If we accept that the crunch-free predictive model is a good predictor of game outcomes (and the extremely high correlation and tiny p-value suggest that it is), then the “crunch salvage hypothesis” tells us that we should expect that it should improve the outcomes of game projects where it is used at least to some tiny, observable extent  …  and the more it is used, the more it should improve game project outcomes.

In other words, if crunch works, it should provide a “lift,” and for projects that involved more crunch, we should see a positive error term (that is, game projects that crunched should have turned out better than the crunch-free model predicts), while for projects that involved little or no crunch, we should see a negative error term.
So according to this worldview, there should be a clear, positive correlation between more crunch and a greater positive error value for the crunch-free model.

Here is the correlation for the error term with the answers to each of the two primary crunch-related questions:

Figure 7The two most relevant questions related to crunch, compared to the error value of the crunch-free model.  The vertical axis is the error of the crunch-free model (positive = better than model predicts; negative = worse), and the horizontal axis indicates agreement with each question (-1.0 = disagree completely, +1.0 = agree completely).

As you can see, there is a slight negative correlation.  However, it is not statistically significant (p-value = 0.24 for the upper graph, and 0.1 for the lower one).  And even if it were statistically significant, the correlations – at -0.07 and -0.1, respectively – are negative.

So where the “crunch salvage hypothesis” tells us to expect correlations that are strong, positive, and statistically significant, we see correlations that are weaknegative, and statistically insignificant.
Testing all of the other crunch-related questions in this way gives us similar results.

If we accept the assumptions that went into calculating these correlations, then we must conclude that more crunch did not, to any extent that we can detect, help the projects in our study achieve better outcomes than they otherwise would have experienced  …  and in many ways appears to have actually made them worse.
We are left to conclude that crunch does not in any way improve game project outcomes and cannot help a troubled game project work its way out of trouble.

Voluntary Crunch

But what about when crunch is voluntary?  Our analysis has already indicated that a when crunch is entirely voluntary, outcomes significantly improve.  Does a lack of mandatory crunch then eliminate the negative effects of the quantity of crunch?  In other words, do higher levels of voluntary crunch then turn crunch from a net negative into a net positive?

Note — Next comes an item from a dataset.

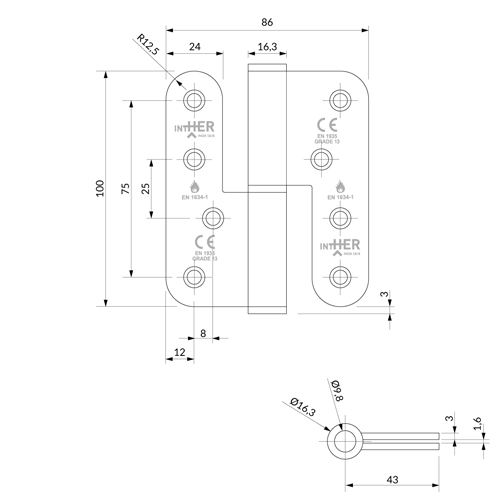 BISAGRA PROYECTO G13 INTHER 1086CR IZDA. 120 Kg INOX 304

In short, no.  We compared the two extremes of our primary crunch question (we categorized the highest two answers to “I worked a lot of overtime …” as “High” crunch, and the lowest two as “Low” crunch) against our question about whether crunch was purely voluntary (where we condensed all 7 answers into three 3 broad categories -- the top two as “Voluntary,” the bottom two as “Mandatory,” and the middle 3 as “Mixed”).  We also compared these categories using Kruskal-Wallis to prove statistical significance.


Our analysis shows that although crunch seems to be significantly less harmful when it’s voluntary, low levels of crunch in each case above (voluntary, mandatory, and mixed) are consistently associated with better outcomes than high levels of crunch.

What Causes Crunch?

The conclusions above led us to ask: what actually causes crunch?  The Spector/Rubin interview above clearly illustrates the attitudes that cause at least some developers to demand extended overtime, but we were curious what the data said.

If crunch doesn’t correlate with better outcomes, what does it correlate with?  Does it really derive from a desire for excellence, or is it a reaction to a project being in trouble, or do its roots lie elsewhere?

To find out, we analyzed the correlations of all the input factors in our survey against one another, looking specifically at how factors outside of our group of five crunch-related questions correlated with the five crunch questions.  The four strongest correlations with our crunch-related questions were:
  • +0.51: “There was a lot of turnover on this project.”
  • +0.50: “Team members would often work for weeks at a time without receiving feedback from project leads or managers.”
  • +0.49: “The team’s leads and managers did not have a respectful relationship with the team’s developers.”
  • -0.49: “The development plan for the game was clear and well-communicated to the team.”
(The three positive correlations indicate that they made crunch more likely; the negative correlation is the one that makes crunch less likely).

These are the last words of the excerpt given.